トランプ自身もそれをわかって「当て馬役」を引き受けた、ってこともあるのかもねぇ、と思うわけです。わざと嫌われるような「暴言」を吐きまくって、自分の役をしっかりこなそうとしたのかもしれないね。彼も米国の上位0.1%の高所得エスタブリッシュメントには違いないわけでさ。だから、トランプがこれからなんらかの圧力とかでいなくなったとしても、「なぜ彼が多くの票を集めたか?」という根本のところは、結局残っちゃうわけでね。その「なぜ」が解決されないと、これから米国の社会は大変なことになるんじゃないかと思うわけです。

その「残ったもの」が次の新しい時代を切り開いていくものなのかもしれないしね。いや、次の時代への予兆かも知れないけど、良くない予兆である可能性もあるね。そういうものが米国のみならず、世界の地表の下でうごめいている。

だから、ぼくにとっても、そしておそらく誰にとっても、トランプそのものへの評価なんてのはどうでもいいんだな。彼がいてもいなくてもいい。それが当て馬役の荒唐無稽な過激発言であっても、それを許し、肯定するか、許容する人が非常に増えた、ってことなんだな。なぜそれが増えたのか?そこが一番の問題だよ。なぜそういう人が増えたのか?力を持ったのか?ってことね。

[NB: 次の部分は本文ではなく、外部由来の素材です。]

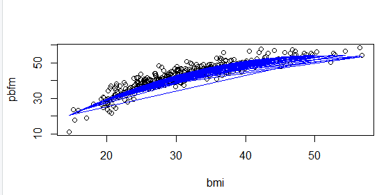 lines(bmi, predict(mod3),col="blue",lwd=0.02)

たとえていえば、舞台で主役を張っているエリートくんを目立たせるために、「どうせ消えていくにきまっている」「当て馬」として、意味もなんにもない過激な台詞を吐く明らかな「バカ役」とか「悪役」を配しておいた、というのが全体のキャストだったんだが、いざ蓋を開けてみれば、その「悪役」のほうが人気が出てしまった、みたいな感じかね。

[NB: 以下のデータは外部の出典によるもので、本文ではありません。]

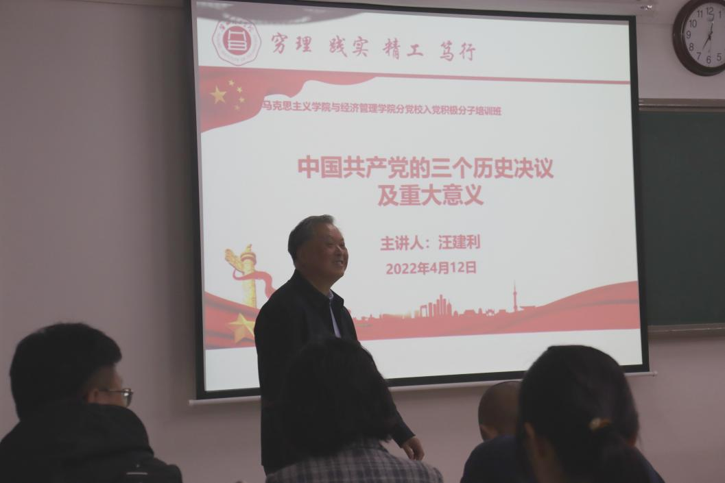 为了切实提升jdb电子游戏官方网站与经济管理学院首届入党积极分子培训班学员的培训质量,按照学校和学院的培训计划,2022年4月12日晚,在二教422教室,jdb电子游戏官方网站副校长汪建利同志来到jdb电子游戏官方网站与经济管理学院分党校入党积极分子培训班,受邀对学员进行题为《中国共产党的三个历史决议及重大意义》的党课培训。本次活动由jdb电子游戏官方网站与经济管理学分党校负责人、党总支书记吴玲院长主持,总支各个党支部书记及全体入党积极分子培训班全体学员参加。

その昔、「ジーザス・クライスト・スーパースター」の劇団四季版を見たんだが、イエス・キリスト役の鹿賀丈史なんかよりも、ユダ役の欧州の舞台を数多く踏んだ寺田稔がとにかく深みも迫力もすごくて、明らかに寺田の演技や歌の迫力に、鹿賀が完全に飲まれてしまっていた、ってのを思い出した。あのミュージカルは、結果として、寺田ユダのための舞台だったといっていい。なにせ寺田ユダが最初に歌う場面を聞かせると、聞いた誰もがその歌が終わるまでじっと黙って聞き入る。聞いた誰もが、終わるまで息もせず、終わると「はっ」と正気に返り「はぁー」と息をする。そういう緊張感が溢れていた。あの言い知れぬ迫力は、明らかに鹿賀のイエスを食ってしまった、と言っていい。今でも寺田ユダの歌声は細部まで耳に残っているが、鹿賀イエスの歌はまるで耳に残っていない。

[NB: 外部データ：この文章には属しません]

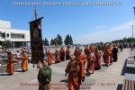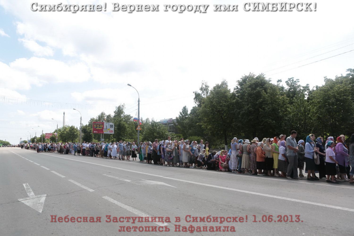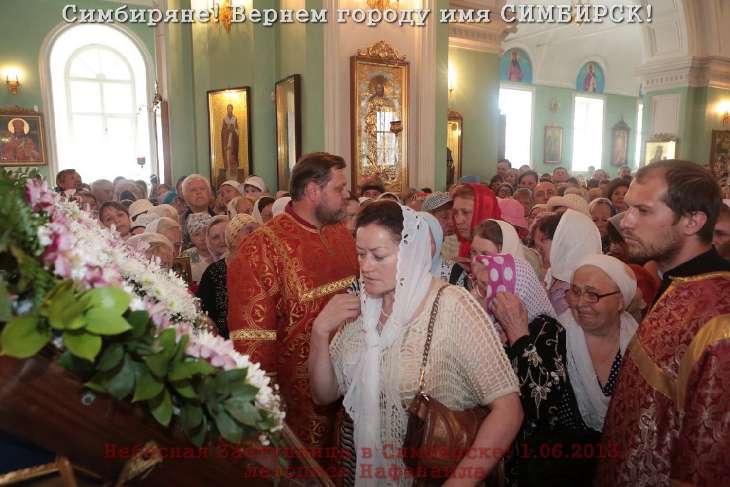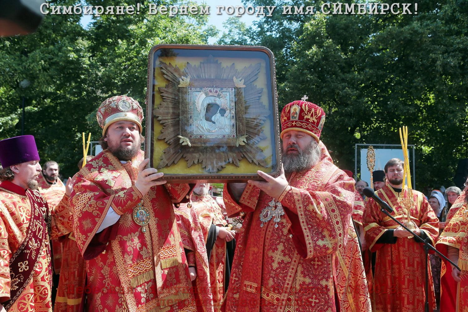 Сегодня на площади Победы симбиряне в 91-ый раз встретили Святыню нашей земли, Небесную Покровительницу губернии, Чудотворную икону Божией Матери Казанская Жадовская. Крестный ход, шел за своей путеводной звездой с 11 мая. Охраняли и несли образ Богородицы десантники из 44 бригады ВДВ. Священники митрополии бережно и с молитвою приняли носилки с иконой и пронесли через город на площадь Ленина, прежде Соборную, именно на то место, где стоял и был зверски разрушен Свято-Троицкий собор града Симбирска, возведенный в честь победы России над Наполеоновскими войсками в 1812 году и был краше и величественнее Исакиевского собора в Петербурге! На этом месте и был отслужен торжественный молебен двумя архиереями: епископом Мелекесским и Чердаклинским Диодором и епископом Барышским и Инзенским Филаретом. После Богослужения владыки обратились к многочисленным верующим, пришедшим на встречу с Божией Матерью.

自分が見るに、イエス役の「ヒラリー」より、ユダ役の「トランプ」のほうが、上手だった。だから、一般的に聞けばあれだけの人種差別的「暴言」を吐きながら、多数に支持されたのだ、と私は思う。簡単に言えば「脇役」の配役を間違えたのだ。なぜ配役を間違えたかというと、トランプを凌ぐ人間的迫力のある演出家がいなかったからだ、と、私は思う。

まぁ、どの世界でも「正義」ってのは迫力はないものではあるんだけどね。